I started out by asking ‘Who owns work?’, but will close with the prequel to that question: Who gets to ask these questions? Who gets to say our problem is wicked?
And the related questions: What to do when some actors assert that others should have no say, that business owners can compel workers to accept their worldview or else, that state legislatures can overrule cities, and when media can decide which commentators are legitimate and who isn’t?
The answer is that there is no single answer. This is a fractal, so every part of the wicked problem and every niche of the polycentric world it exists within is both wicked and polycentric, too. This is not a Gordian knot, a tame problem that can be solved with a single stroke of Alexander’s sword. We are stuck. We’ll have to deal with it, and all the forces converging on this space.
We will need to push and shove, elbow and cajole, picket and march: there are no shortcuts, no utopian dawn where all rancor and opposition will be put aside, no beating our weapons into plowshares.
Work is a wicked problem — a snarl of dilemmas, not a list of initiatives — and the whole world and all its actors are fighting to control it, bend it, contain it: in short, to own it.
As I said at the outset, this essay is doomed to be unequal to the task of creating some perfect shared understanding of the world of work. It fails on many levels: it’s not comprehensive, does not provide enough details to allow readers to compare pros and cons, and it lacks a solid list of conclusions or takeaways.

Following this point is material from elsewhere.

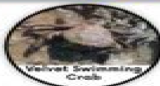
Velvet Swimming Crab
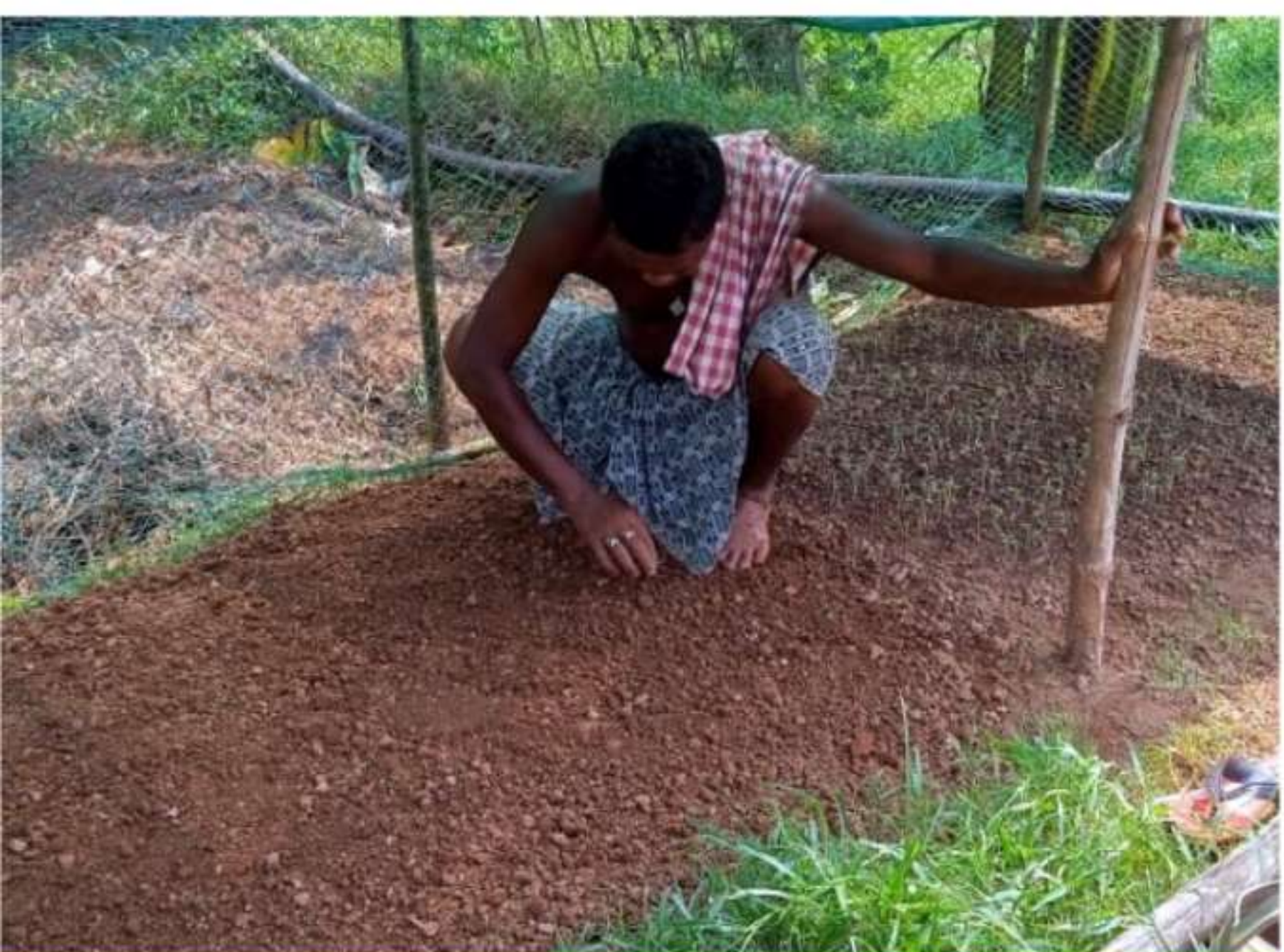
Nursery Bed, Seed and Seedling Treatment

But I have asked some important questions, and if I have only made it clear that work has more in common with social ills than social good, perhaps I have accomplished something.

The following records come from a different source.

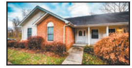
4 Seneca Ct - $210,000 Huntington, WV 25705 3 BR | 2 Ba | 1,638 Sq. Ft.
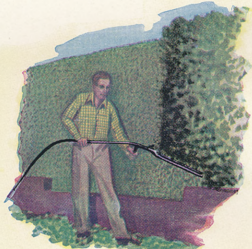
SHEAROMATIC HEDGE CUTTER

With compressor and sprayer unit, sickle mower and attachments for cultivating, etc.
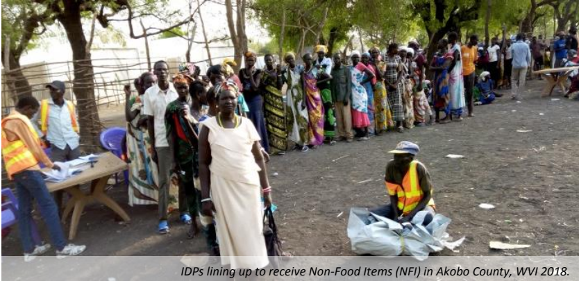
IDPs lining up to receive Non-Food Items (NFI) in Akobo County, WVI 2018.
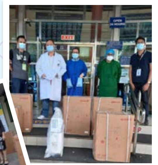
Philippines Handover of essential medical equipment to hospitals in Davao, Philippines
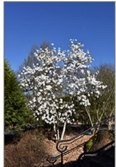
Royal Star Magnolia in bloom
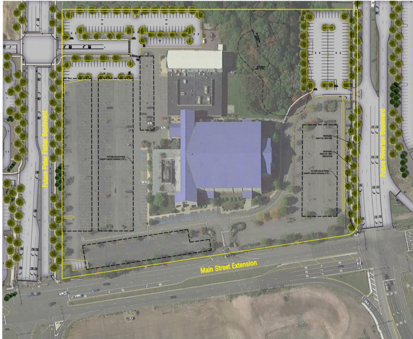
Aerial Imagery shown hereon was taken from Google Earth Pro 2019.
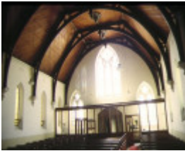
presbyterian college church royal prd parkville interior back jan1997
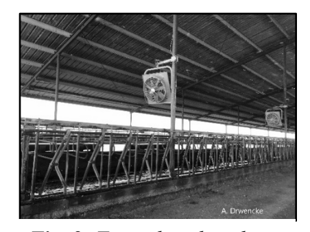
Fig. 2: Fans placed so that they cool cows at the bunk; moving air over wet animals removes more heat than when they are dry and means we need less soaking overall.

already risen. Cows start feeling hot sooner than we do, usually when the air temperature is about 72°F. To ensure water is turned on and off only when needed by the cows, automated controllers help keep things consistent. The location of the controllers is also essential to provide cooling and save water. It works best if they are placed in the barn to capture the weather that the cows experience.
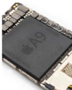
Mobile phone chip welding
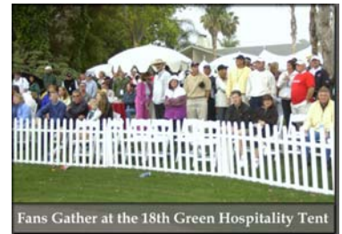
Fans Gather at the 18th Green Hospitality Tent
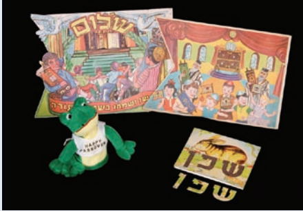
Simchat Torah flags, alphabet puzzle, toy frog
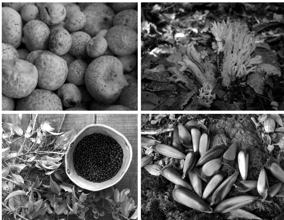
Figure 1. Most salient wild edible plants according to Smith's Saliency Index. From left to right and top to bottom: digüeñe , changle , maqui , and piñones .

cohesion and knowledge transmission (Herrmann 2006). Although people in the community do not strictly depend on the piñon anymore, families always make the effort to have piñones . Whenever someone in the extended family comes back from piñoneando (the act of gathering piñones ), it is customary to share the harvest with kin. This is especially true with elders, as they are most eager to eat wild foods. As one elder expressed, while he peeled and savored some boiled piñones that his son had brought him from the mountains, "When I taste them, I feel that I am back in the mountains."

Work is a wicked problem — a snarl of dilemmas, not a list of initiatives — and the whole world and all its actors are fighting to control it, bend it, contain it: in short, to own it.
We won’t get to ‘solve’ work, but we can push in a certain direction, even though we can’t be sure of our success since we are living inside a wicked problem. And it may be even worse than that. Kelly Levin, Benjamin Cashore, Graeme Auld, and Steven Bernstein suggested that there is a class of ‘super wicked problems’ in which work seems to fit, that have some additional characteristics:
Time is running out.
No central authority.
Those seeking to solve the problem are also causing it.
Policies discount the future irrationally.
Exactly.
Footnotes
See Beneath and Beyond Corporate Culture, in the A Working Future series.
David Thompson and Michelle Shevin convened a small group in New York City recently to discuss the complexity of organizations and suggested they are wicked problems. See Wicked is the New Normal: Unifying Languages and Methodologies for Navigating Complex Problems for the thinking involved. The event was named Wicked Is the New Normal. This essay is motivated by that discussion and some work before and since.
Vincent Ostrom, Charles Tiebout, and Robert Warren (1961), The Organization of Government in Metropolitan Areas: A Theoretical Inquiry.